Un grupo de zopilotes, desde la altura, giraba tercamente, atraído por el olor de carroña que se desprendía del cuerpo de Chonita. Descenderían aquellos zopilotes de manera fatal, animales ruines en espera de la impotencia del hombre, aun antes de que los náufragos murieran. Entonces, sin fuerzas para combatir, aquellos seres desamparados dejaríanse roer las entrañas lentamente, sin voluntad que oponer, Prometeos perdidos.

Era un grupo heroico, valiente, el que formaban Cecilia, Úrsulo, Calixto y Marcela junto al cadáver. Cecilia delgadísima, miserable, vieja, herida y como loca, los labios grises; Calixto tenaz, sobreviviéndose; Marcela apacible, como una madre colectiva; Úrsulo en derrota.

Sin duda el más fuerte era Calixto.

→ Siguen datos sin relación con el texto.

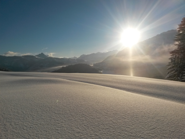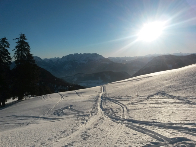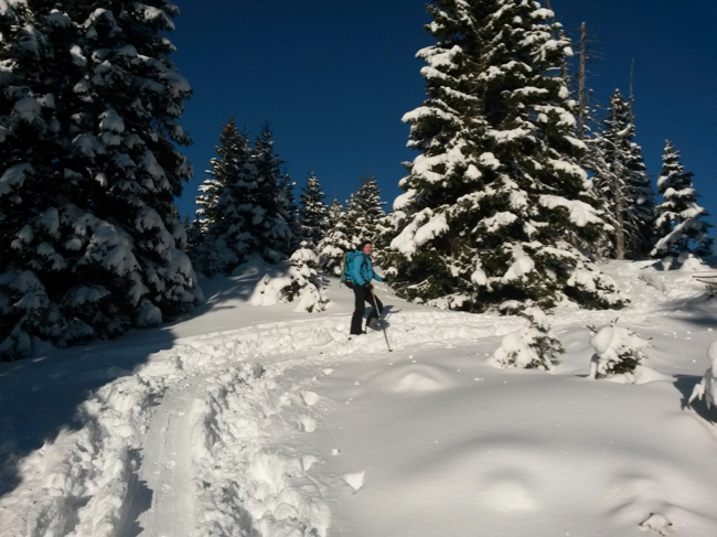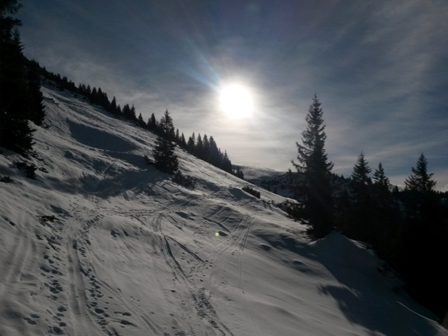 durch den schönen Schnee wieder zurück zum Auto.

Había llegado a la región algunos años antes, a raíz de inaugurarse el Sistema de Riego. Calixto era alto, de hombros estrechos y delgado rostro. Duro, sin belleza, las manos grandes, huesudas. Sus ojos tenían algo de particular y desagradable, fijos, hundidos y muertos, como si se tratara de ojos artificiales, ojos de vidrio, consistentes, opacos.

Una vez el general Villa depuso en definitiva las armas y se fue a vivir a su hacienda de Canutillo. Entonces la División del Norte fue licenciada; unos pasaron a formar parte del ejército y otros regresaron a sus hogares. Calixto fue de los últimos, aunque no tenía hogar.

El coronel los arengó:

—Así es que, hijitos, el que quiera seguir en el ejército que lo diga, y el que no quiera que gane para su casa…

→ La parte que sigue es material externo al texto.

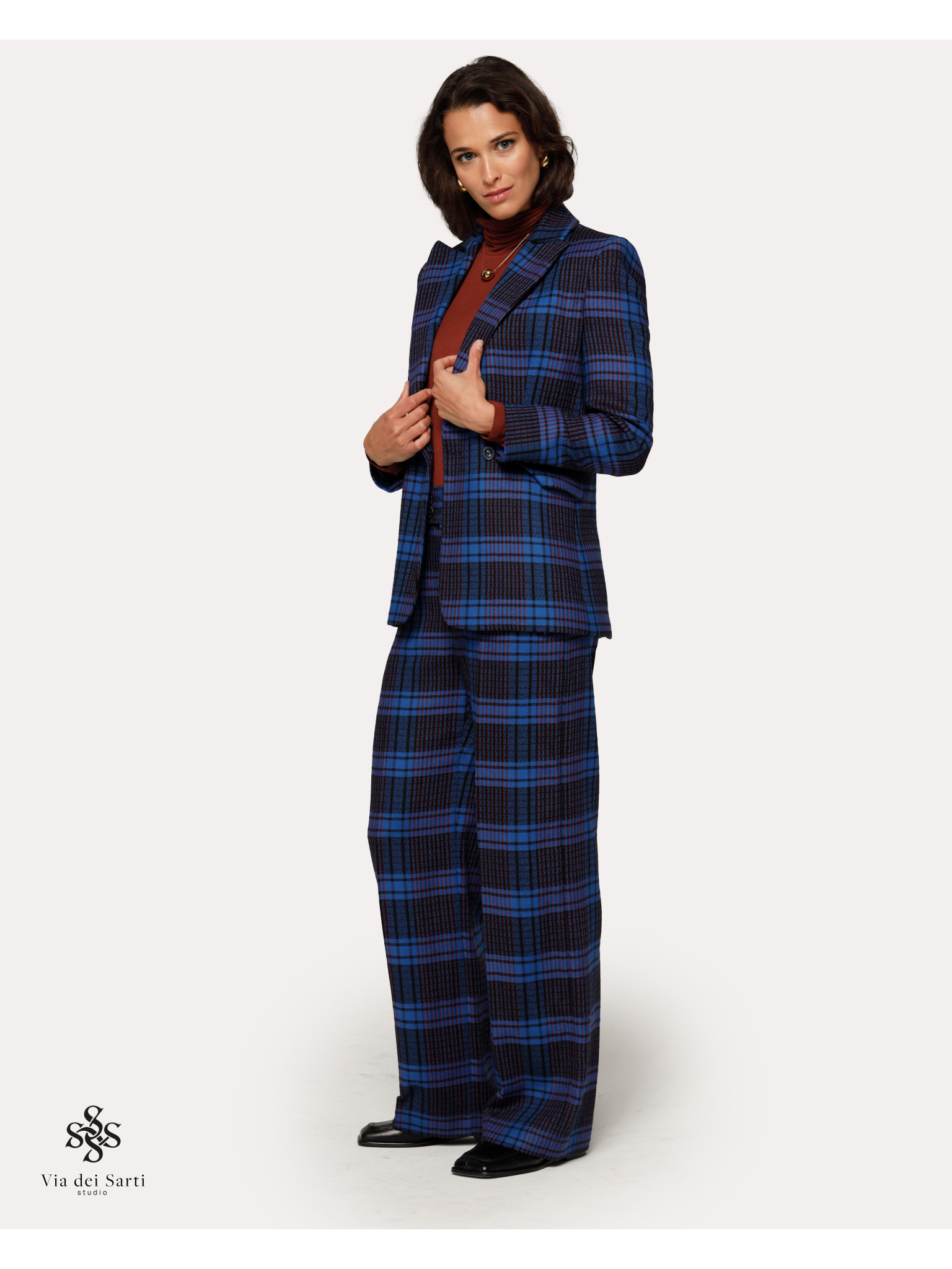 Barcelona to miasto kolorów i radości życia. Taki właśnie jest ten garnitur — widoczny z daleka, podkreślający optymizm i artystyczną duszę jego właścicielki. Wykonany z włoskiej wełny o lekko plecionej strukturze, charakteryzuje się wysoką odpornością na gniecenie.

Calixto ganó con el dinero que había obtenido en la lucha: aproximadamente diez mil pesos en joyas, él, un subteniente.

No se olvidaba de cómo obtuvo las joyas.

Fue una madrugada fría, impenetrable. La piel de los caballos se estremecía en sacudidas nerviosas y el cerrojo de las carabinas, helado, lastimaba las manos. Había sido preciso envolver las pezuñas de los caballos en costales con paja, para no hacer ruido, y entonces el rumor era sordo, reptante, como si caminaran encima de gigantescos saurios. Aquí un guerrillero, allá otro, maldiciendo en voz baja.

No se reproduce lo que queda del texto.